I am aware of the legal requirements to ensure the grid is non-live in a POCO outage event. THis is common-sensical. I hate working on live lines too.

The solar batteries would really be to ensure power is uninterrupted while a generator kicks on. Massive battery arrays could be a future addition, but not completely necessary considering the cost.

As far as i was aware of, solar cells produce DC power unless you have the AC mini-inverters on solar strings. THis is why solar generation is often connected to DC batteries. Wind and hydropower however use the same function as a magnetic-coil generator but utilize hydraulic energy or wind energy to turn an alternator, thus providing AC.


NiHaoMike:

The distance from service drop to service drop is roughly 260ft. THis makes the midpoint for the substation between the houses roughly 130ft. Service charges i presume would be the monthly service fees aside from kwh usage, this i am not certain of at the moment.

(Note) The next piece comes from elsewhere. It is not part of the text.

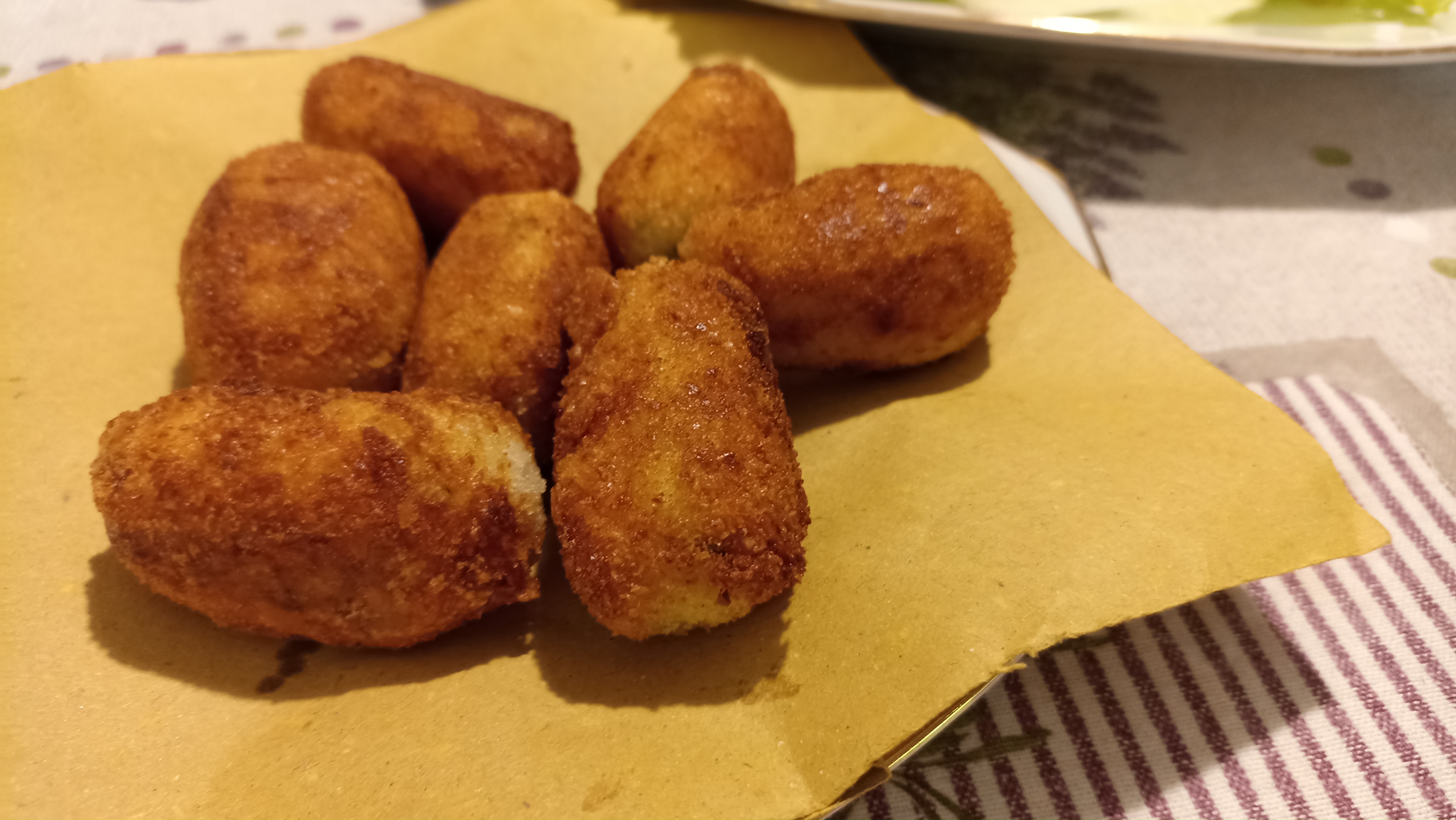 Friggete le crocchette in olio di arachidi caldo, rigirandole e facendole dorare da ogni parte.
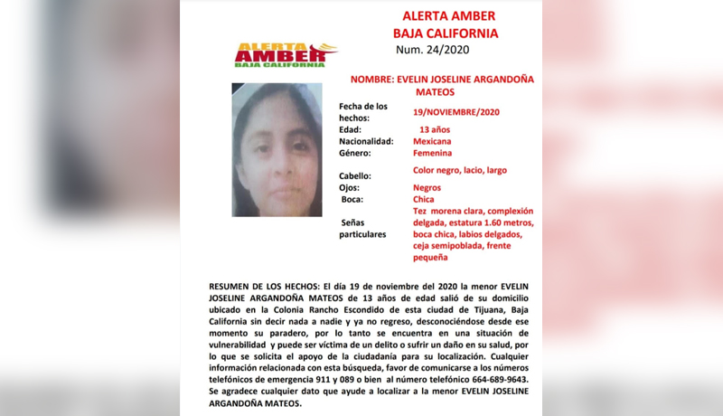 De acuerdo al reporte, el 19 de noviembre de 2020 la menor  Evelin Joseline Argandoña Mateos, salió de su domicilio ubicado en la colonia Rancho Escondido  en la ciudad de Tijuana, y ya no regreso, desconociéndose desde ese momento su paradero.

Heat is either wood stove or electric heaters.

Not sure what a CHP system is. I will look into this.

randen:

I will take a look at your post history and research the topic you referenced.

u3b3rg33k:

all points i ahve considered. The majority of my roofs are angled roughly southward. A few roofs face east and of course opposing west, but west downt get a lot of sun where I am located due to mountains.

Main consideration on selling back is i am not sure if i can generate enough power to run the datacenter (roughly 3kw/hr if things are running full bore), charge batteries from any outage or night loads and generate excess power to sell back.

Again, thank you all for your excellent responses!